Le « péché » originel des « Founding Fathers », comme cause historique de la déconfiture du Social Democratic Front

Bertrand Komnang:Camer.beEn catimini, un groupe constitué d’intellectuels réfléchissait à la création d’un parti politique dans un Etat monopartite. Vint le moment d’enregistrer les statuts devant les autorités. Ils craignirent les réprimandes policières et n’y laissèrent pas figurer leurs noms. Dépité, un des chefs de file encouragea un de ses neveux d’apposer sa signature pour la légalisation. Devenu de fait le président et chef charismatique du nouveau parti, ce courageux pantin, qui levait le poing au ciel, aussitôt imité par une foule euphorique de groupies et une population acquise à sa cause, découvrit ainsi les gloires qu’offrait le pouvoir. C'est alors qu'il se ravisa: « Mais attend, je pourrais devenir Roi ! »
 
Formant intérieurement son projet, le nouveau gourou se méfia désormais de tous ceux qui tentaient de lui faire de l’ombre, surtout des pères fondateurs qui projetaient de reprendre les rênes du parti. Se servant abusivement d’une clause desdits statuts, il se débarrassa d’eux, l’un après l’autre. Bientôt, le parti ne compta plus de stratèges et ne tarda pas à se corrompre et à perdre ainsi de son influence auprès du peuple, grandement déçu. Aujourd’hui encore, ce paranoïaque gourou cherche toujours le chemin qui mène au trône royal, en vain !
Ainsi se résume l’histoire du SDF et de son gourou, Ni John Fru Ndi.

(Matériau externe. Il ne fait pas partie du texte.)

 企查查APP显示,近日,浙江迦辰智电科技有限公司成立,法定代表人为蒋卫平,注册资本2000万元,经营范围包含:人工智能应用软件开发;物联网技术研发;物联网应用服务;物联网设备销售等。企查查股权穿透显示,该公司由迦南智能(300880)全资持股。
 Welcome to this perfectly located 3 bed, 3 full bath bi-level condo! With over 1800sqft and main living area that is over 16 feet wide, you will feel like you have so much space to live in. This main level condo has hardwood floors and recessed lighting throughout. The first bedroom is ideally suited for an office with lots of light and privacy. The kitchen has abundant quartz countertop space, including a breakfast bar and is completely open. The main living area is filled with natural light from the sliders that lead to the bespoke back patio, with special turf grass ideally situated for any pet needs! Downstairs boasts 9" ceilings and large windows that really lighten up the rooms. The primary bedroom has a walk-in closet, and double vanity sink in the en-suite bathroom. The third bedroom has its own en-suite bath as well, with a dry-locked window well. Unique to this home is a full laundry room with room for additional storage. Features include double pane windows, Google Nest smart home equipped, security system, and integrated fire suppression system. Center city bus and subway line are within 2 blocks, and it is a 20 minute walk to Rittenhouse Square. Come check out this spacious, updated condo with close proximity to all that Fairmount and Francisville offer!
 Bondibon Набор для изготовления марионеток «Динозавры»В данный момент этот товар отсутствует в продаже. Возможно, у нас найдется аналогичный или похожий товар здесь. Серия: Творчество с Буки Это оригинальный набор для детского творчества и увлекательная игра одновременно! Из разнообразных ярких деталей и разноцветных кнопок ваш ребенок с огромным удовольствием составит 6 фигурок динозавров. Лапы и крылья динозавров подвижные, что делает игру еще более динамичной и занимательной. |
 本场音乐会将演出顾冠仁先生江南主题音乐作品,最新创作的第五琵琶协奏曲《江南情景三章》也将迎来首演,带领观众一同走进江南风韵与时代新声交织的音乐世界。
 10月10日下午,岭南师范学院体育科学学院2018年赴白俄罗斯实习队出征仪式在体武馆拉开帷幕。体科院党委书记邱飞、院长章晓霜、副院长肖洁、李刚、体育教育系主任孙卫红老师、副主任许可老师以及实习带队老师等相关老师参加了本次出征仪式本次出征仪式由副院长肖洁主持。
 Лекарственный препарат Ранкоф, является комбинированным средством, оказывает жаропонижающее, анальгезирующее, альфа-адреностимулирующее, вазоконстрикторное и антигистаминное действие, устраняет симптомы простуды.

De la métamorphose du « Study Group 89 » en Social Democratic Front

L’habitude d’annoncer des promesses auxquelles il ne tient pas n’est pas nouvelle chez Paul Biya. Lorsqu’il accède au sommet de l’Etat en novembre 1982, il annonce une politique dite de Renouveau national. Cette ouverture promise mais jamais amorcée - à cause du coup d’Etat d’avril 1984 ? - poussa des intellectuels, souvent originaires de la région du nord-ouest, à s’organiser discrètement pour revendiquer l’espace de liberté promis et auquel ils avaient cru. Dans le contexte de dictature du parti unique (RDPC), le « Study Group 89 » était en marche avec des aspirations pro-démocratiques. Les réunions ont lieu en privé dans les domiciles des différents acteurs, souvent à Yaoundé, chez le Pr. Siga Assanga par exemple ou encore au quartier Nsam, chez le Pr. Clement Ngwasiri. Jusqu’au 1er décembre 1989 lors de la réunion de ces activistes dans la résidence du Dr. Siga Assanga, il n’est pas encore question de parti politique mais de mémorandum à adresser à l’ONU pour dénoncer la « marginalisation de la minorité anglophone au Cameroun. »

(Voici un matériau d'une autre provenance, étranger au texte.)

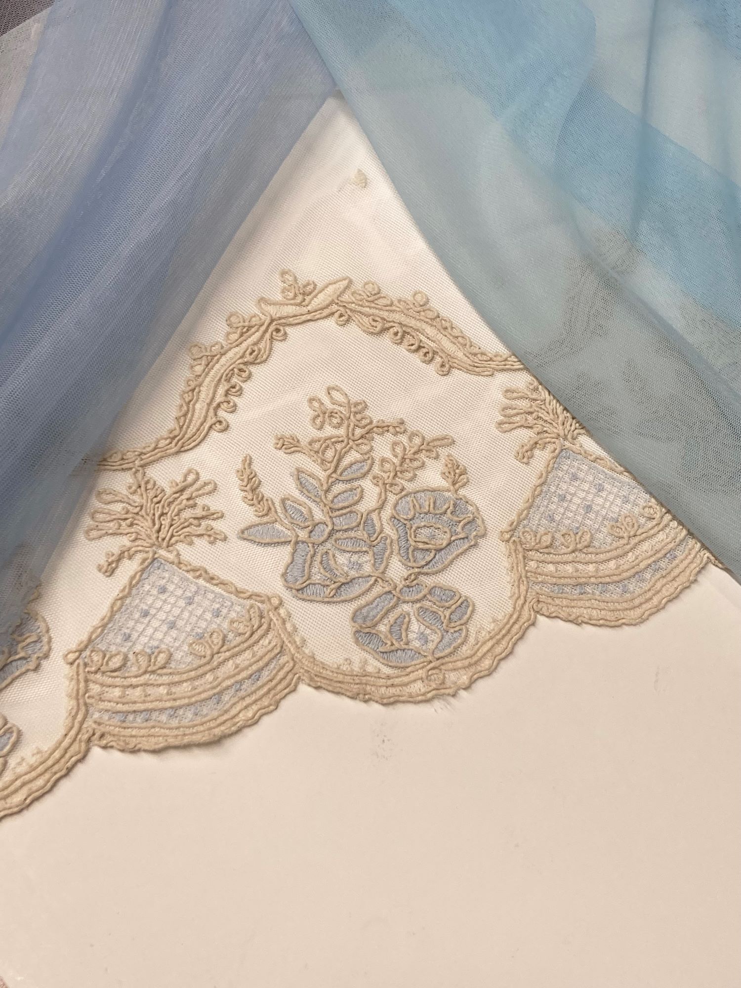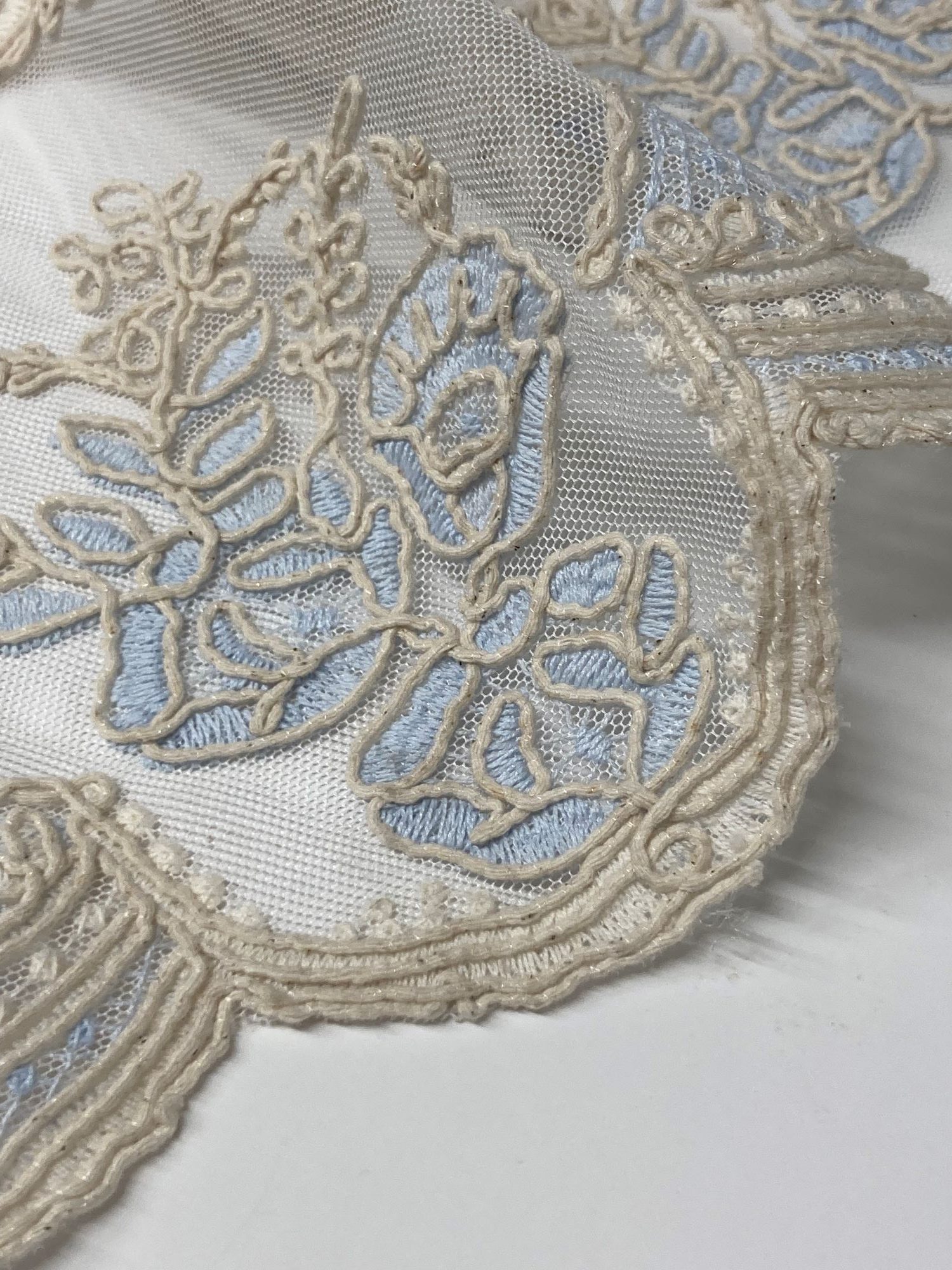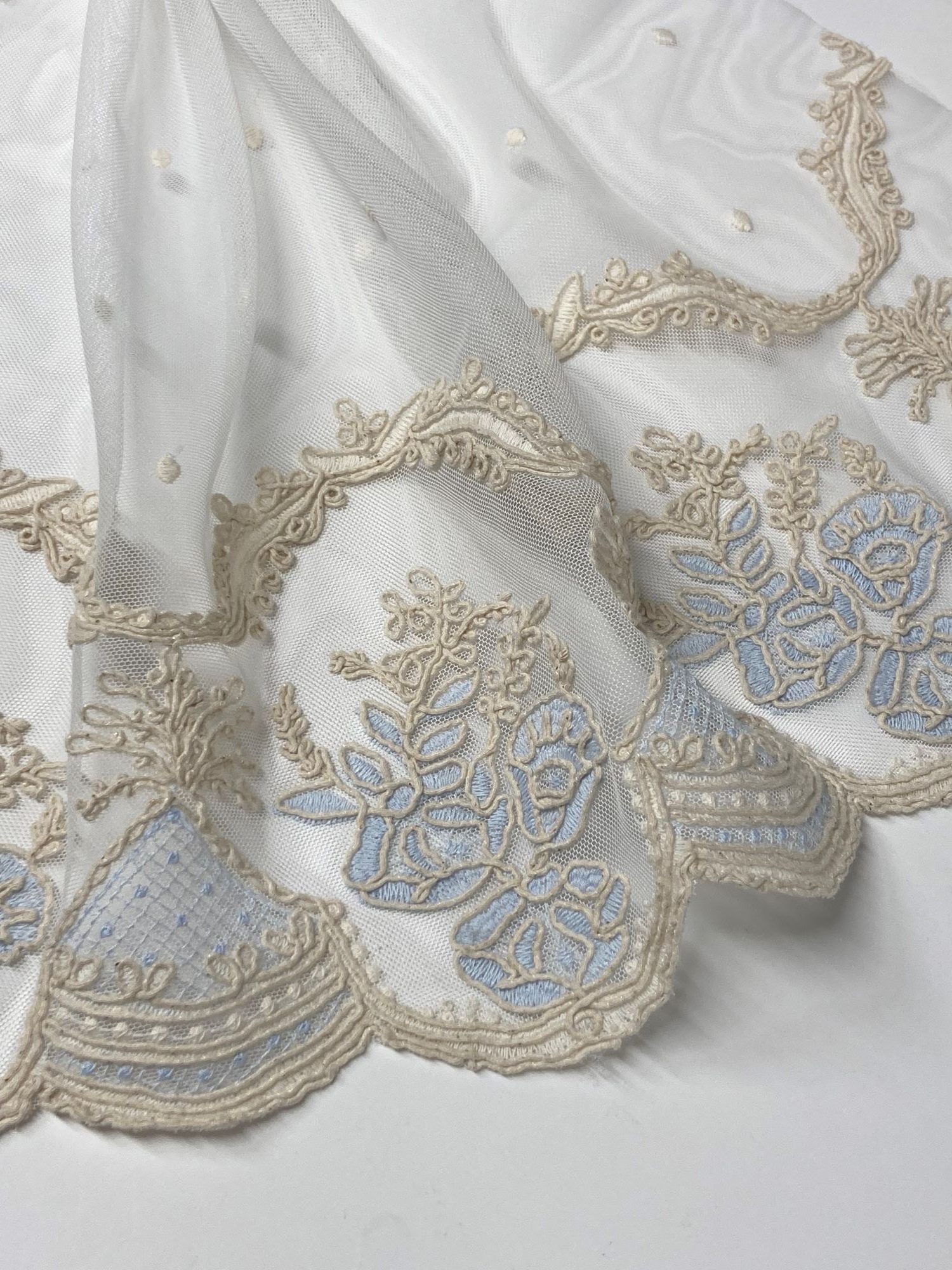 Tul bordado con estampado que presenta flores en tono beig y celeste, además tiene topitos bordados en beig por toda la tela.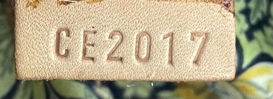 Condição: Regular. Apresenta severas manchas escurecidas no couro vachetta, principalmente das alças, notáveis desgastes e descolorações das ferragens, especialmente dos fechos e puxadores dos cursores, consideráveis manchas amareladas e escurecidas nos acabamentos dos tecidos, severas marcas e manchas de uso por todo o forro e notável odor característico de item guardado.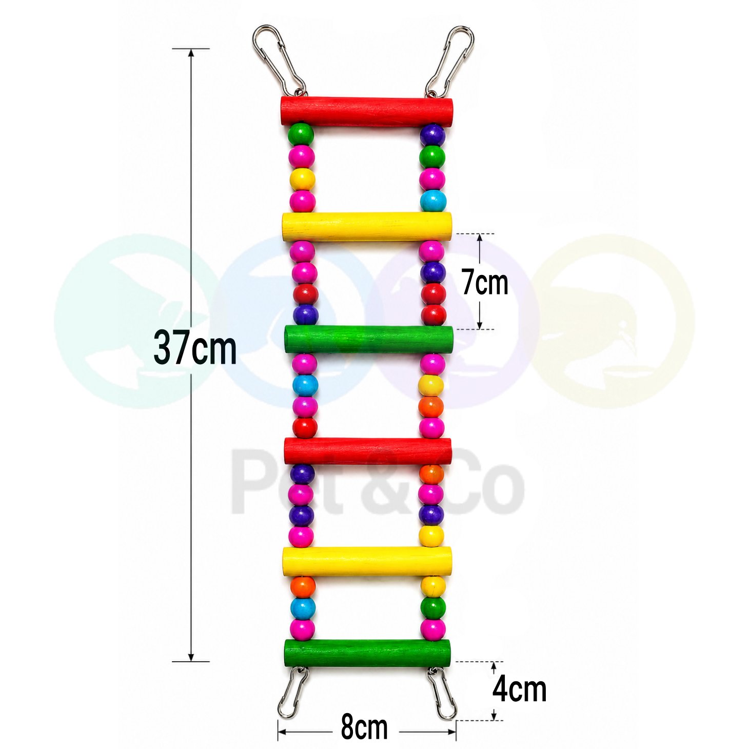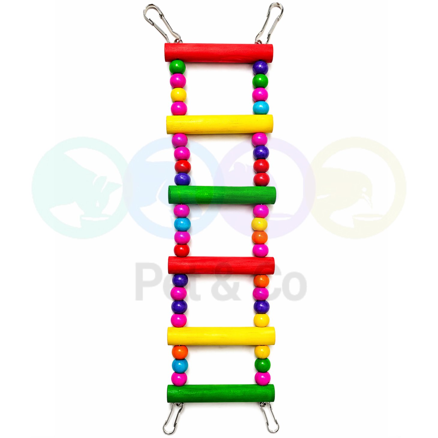 Made from bird-safe natural wood and brightly colored beads, the ladder provides multiple textured surfaces that birds love to explore. Strong metal hooks at both ends make it easy to attach securely inside most bird cages.

Les chefs de file étaient souvent des avocats et des enseignants parmi lesquels l’universitaire Siga Assanga, le Pr. Carlson Anyangwe, le Pr. Clement Ngwasiri, le Dr. Gemuh Akuchu, le Bâtonnier Bernard Muna, l’avocat Vincent Feko, messieurs Justice Nyo Wakaï, James Mba-Akhu Banga, Alfred Azefor, Thomas Akumbo et bien sûr l’avocat Albert Womah Mukong, alors en exil. Messieurs Aloysius Tebo et Samuel Munzuh les rejoindrons.
Par la suite ils saisirent certaines Missions diplomatiques dans la capitale. Comme il était malaisé de définir clairement leur démarche, il fut demandé comme préalable au groupe de « clarifier son statut et d’apporter des précisions sur sa direction. »

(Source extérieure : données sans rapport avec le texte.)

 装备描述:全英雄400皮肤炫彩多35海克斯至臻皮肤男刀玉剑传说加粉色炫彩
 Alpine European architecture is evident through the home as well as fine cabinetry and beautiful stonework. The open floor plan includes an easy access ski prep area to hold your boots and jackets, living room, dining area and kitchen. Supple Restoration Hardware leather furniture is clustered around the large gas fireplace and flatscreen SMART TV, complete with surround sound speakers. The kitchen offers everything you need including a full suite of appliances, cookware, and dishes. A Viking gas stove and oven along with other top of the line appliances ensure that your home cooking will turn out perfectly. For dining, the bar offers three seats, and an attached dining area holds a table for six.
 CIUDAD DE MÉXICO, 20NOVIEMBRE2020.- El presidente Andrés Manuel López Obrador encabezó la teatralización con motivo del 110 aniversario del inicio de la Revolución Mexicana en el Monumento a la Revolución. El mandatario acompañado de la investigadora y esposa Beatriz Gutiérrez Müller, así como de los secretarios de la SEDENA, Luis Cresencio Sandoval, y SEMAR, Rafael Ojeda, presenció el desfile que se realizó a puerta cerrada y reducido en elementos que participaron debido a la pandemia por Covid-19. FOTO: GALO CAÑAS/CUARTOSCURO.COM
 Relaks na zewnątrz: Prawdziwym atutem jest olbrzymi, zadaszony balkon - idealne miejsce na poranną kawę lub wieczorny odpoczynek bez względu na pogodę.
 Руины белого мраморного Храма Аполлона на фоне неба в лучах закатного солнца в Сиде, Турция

Priés déjà ainsi une première fois de prendre leurs responsabilités, les parlementaires et les juristes du groupe saisirent une brèche entrouverte dans la Constitution d’alors et sur la base de la loi de 1967 sur les associations, ils optèrent pour un parti politique. Un article (sans doute oublié ?) dans cette adaptation camerounaise de la Constitution française mentionnait étonnamment qu'après dépôt des statuts d'un parti auprès des autorités administratives, cette dernière disposait d’un délai de 60 jours pour faire connaître sa décision, faute de quoi la légalisation du parti était effective. Cette faille dans la Loi fondamentale de 1972, dans un Etat à parti unique, où en créer un autre était considéré comme subversif, se confirmait dans une autre mention où il était clairement stipulé que «  les partis et formations politiques concourent à l'expression du suffrage universel. » (Titre 1er - Article 3).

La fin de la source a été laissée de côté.